- Citizenship: American, Canadian
- Education: University of Manitoba (BSc 1994, MSc 1995) California Institute of Technology (PhD 1999)
- Known for: Effective field theory Soft-collinear effective theory
- Awards: APS Fellow Simons Investigator
- Scientific career
- Fields: Nuclear physics Particle physics
- Workplaces: University of California, San Diego University of Washington, Seattle Massachusetts Institute of Technology
- Thesis: Applications of Chiral Perturbation Theory in Reactions with Heavy Particles (1999)
- Academic advisors: Peter Blunden (MSc) Mark Wise (PhD)

= Iain Stewart (physicist) =

Canadian-American theoretical nuclear and particle physicist

Iain William Stewart is a Canadian-American theoretical nuclear and particle physicist at the Massachusetts Institute of Technology, where he is the Otto and Jane Morningstar Professor of Science and the current Director of the MIT Center for Theoretical Physics (CTP). He is best known for his work on effective field theories and for developing the Soft Collinear Effective Theory (SCET).

== Biography ==
Stewart attended college at the University of Manitoba, where he received his B.Sc. with Joint Honors in Physics and Mathematics and M.Sc. in Theoretical Physics in 1994 and 1995, respectively, and won the Governor General’s Silver Medal for highest standing in his graduating class. He wrote his master’s thesis under the supervision of Peter Blunden.

Stewart then moved to the California Institute of Technology for four years, earning his Ph.D. in Theoretical Physics in 1999 under the supervision of Mark Wise. He then held a postdoctoral position at the University of California, San Diego until 2002 and a research assistant professorship at the University of Washington, Seattle for a year, before moving to the MIT Department of Physics in 2003, where he earned tenure in 2009. He became director of the MIT Center for Theoretical Physics in 2019 and was promoted to a named professorship in 2021.

== Research and teaching ==
Stewart “designs and applies effective field theories to describe physics at collider experiments and to explore the structure of quantum field theory.” Effective field theory is a technique used to circumvent the difficulty of carrying out calculations and approximations related to elementary particle physics, when the calculations involves working with quantities of vastly different magnitudes.

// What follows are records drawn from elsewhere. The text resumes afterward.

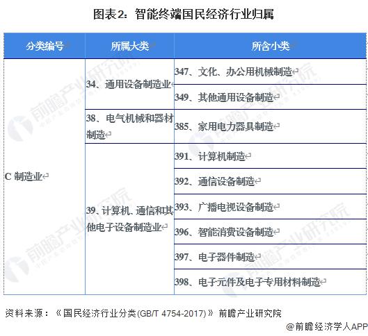 當前在《國民經濟行業分類》并沒有直接針對智能終端的定義分類,因此根據智能終端概念和分類,結合《國民經濟行業分類》 ( GB/T4754-2017 ) ,智能終端制造行業涉及制造業中的 3 個大類和多個小類。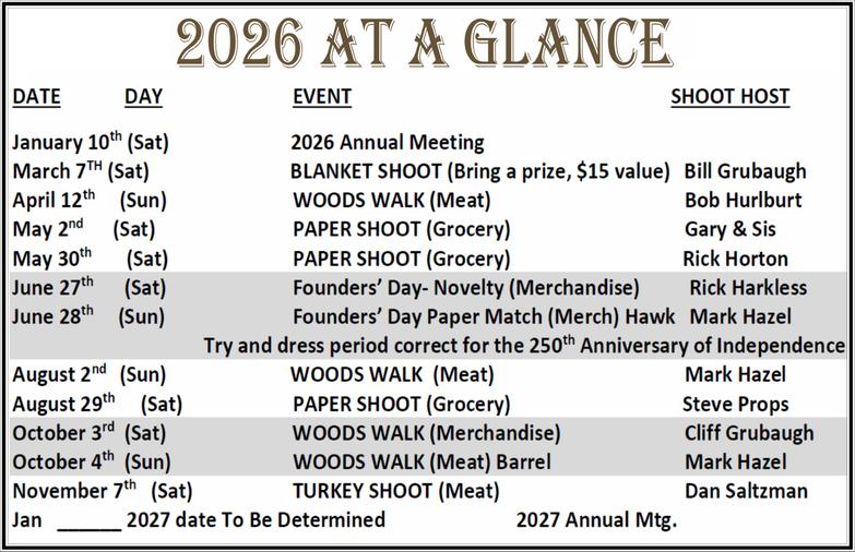 We are a traditional muzzle loading gun club that holds monthly shoots (with prizes) and special events. We have a lot of fun here and we make sure you'll have a great time, too. We do our best to keep our event costs down.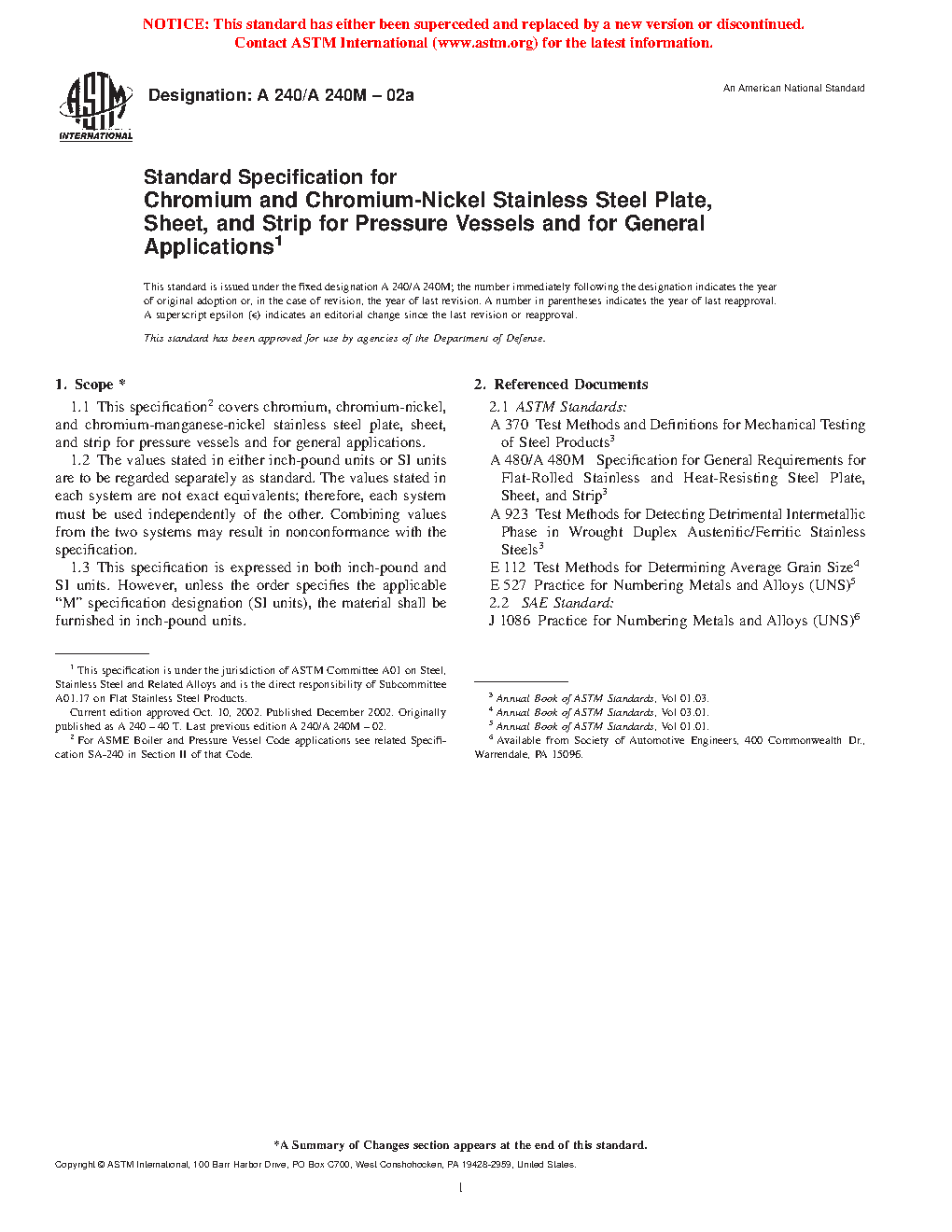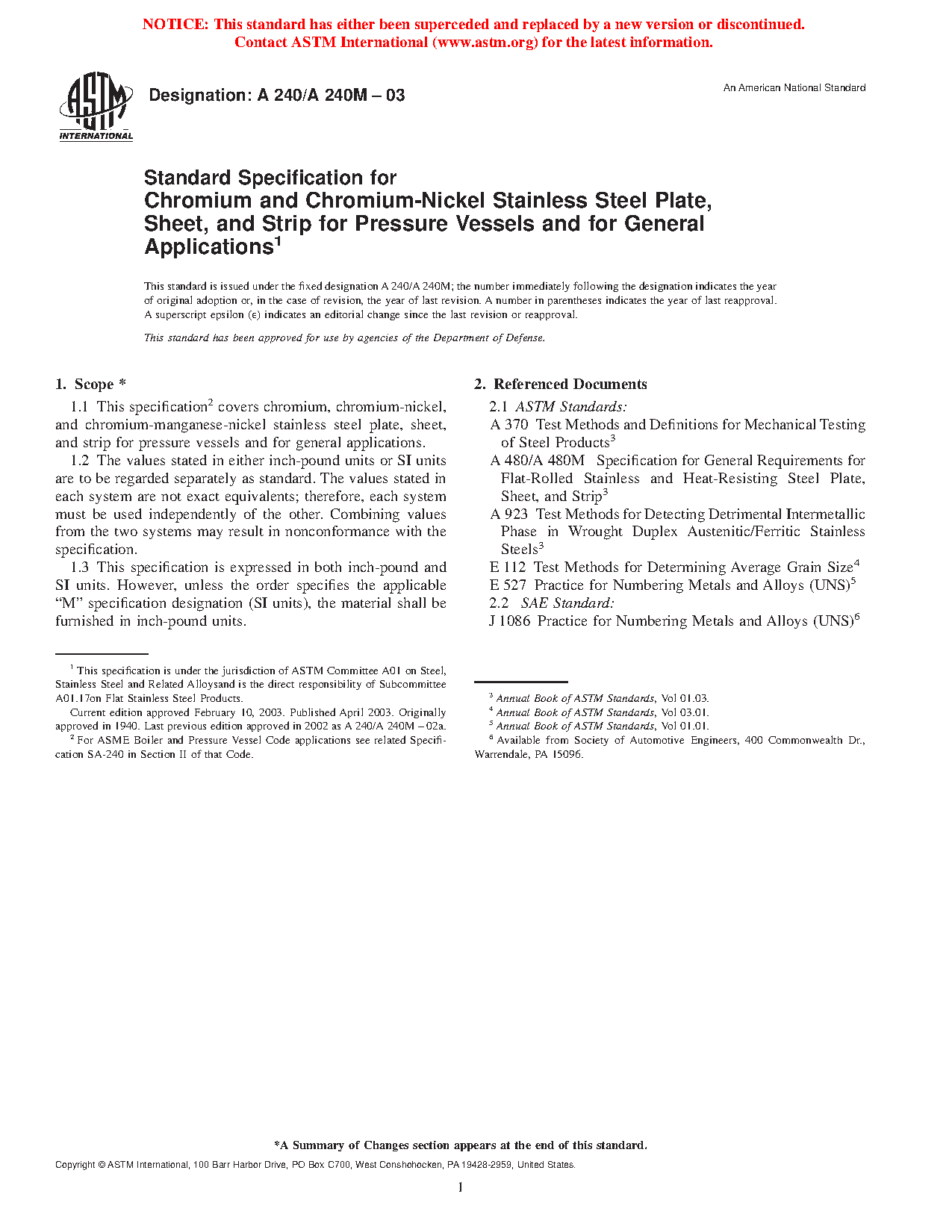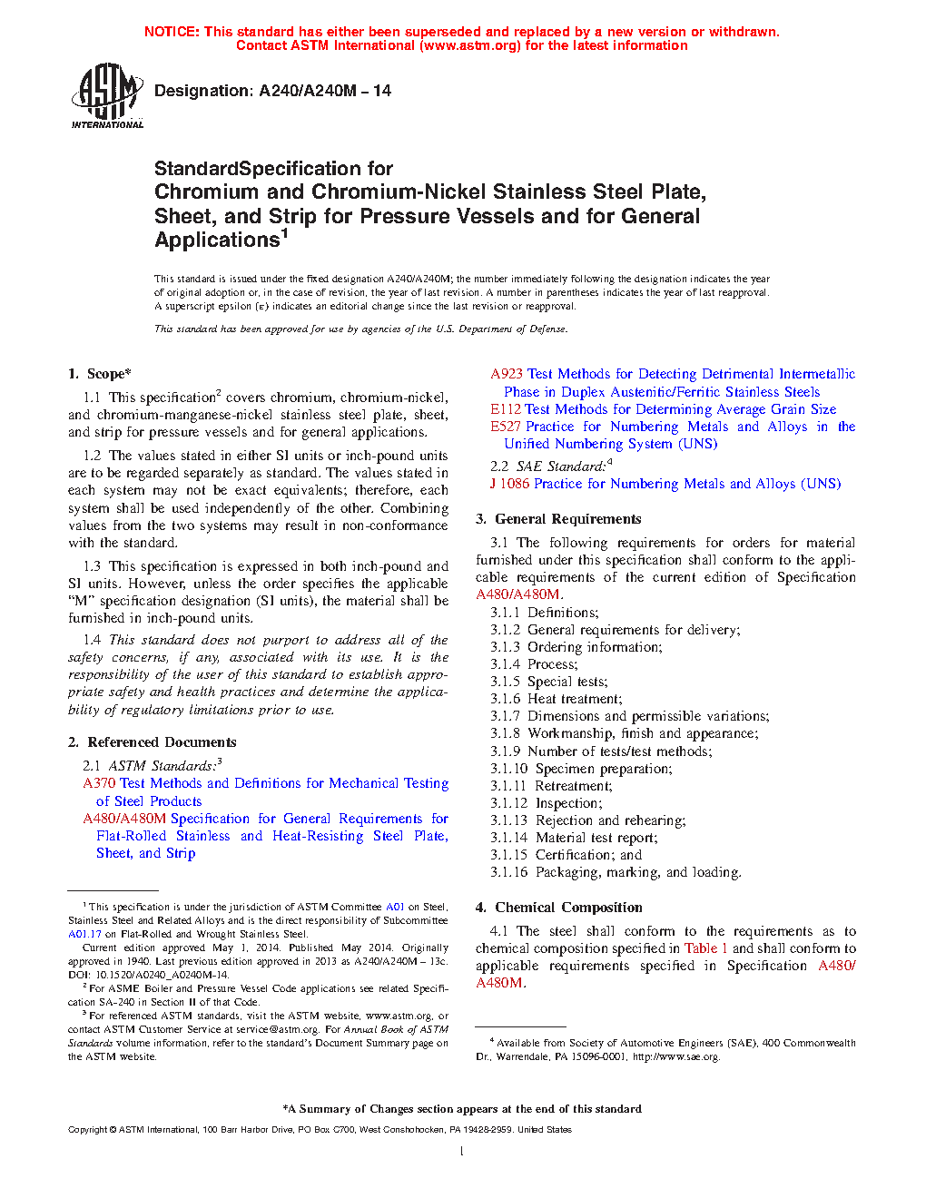 1.1 This specification2 covers chromium, chromium-nickel, and chromium-manganese-nickel stainless steel plate, sheet, and strip for pressure vessels and for general applications including architectural, building, construction, and aesthetic applications.

Stewart is perhaps best known for developing the Soft Collinear Effective Theory (SCET) in the early 2000’s, which helps physicists analyze interactions between energetic quarks and gluons that are soft (low energy) or collinear (traveling in a similar direction).

He has also made major contributions to other areas of theoretical nuclear and particle physics, including the use of Euclidean distributions in lattice QCD, the use of SCET in collider physics and B physics, non-relativistic QED and QCD, and indirect detection methods for dark matter.

In addition to his research, Stewart engages in teaching and mentoring activities. He has supervised dozens of undergraduates, graduate students, and postdoctoral fellows, many of whom have gone on to faculty positions at universities and national labs. He developed a free online course on Effective Field Theory through the platform EdX, as well as a new MIT course, Classical Mechanics III. MIT awarded him the Buechner Faculty Teaching Award, the Committed to Caring Award, and the Perkins Award for Excellence in Graduate Advising.

== Honors ==
- MIT Perkins Award for Excellence in Graduate Advising (2024)
- MIT Committed to Caring Award (2023)
- Erwin Schrodinger Visiting Professor, University of Vienna, City of Vienna (2016)
- MIT Buechner Faculty Teaching Award (2015)
- Simons Investigator of the Simons Foundation (2014)
- Fellow of the American Physical Society (2013)
- Friedrich Wilhelm Bessel Research Award from the Humboldt Foundation (2008)
- Sloan Fellowship (2004)
- Outstanding Junior Investigator Award, US Department of Energy (2003)
- Governor General's Silver Medal (1994)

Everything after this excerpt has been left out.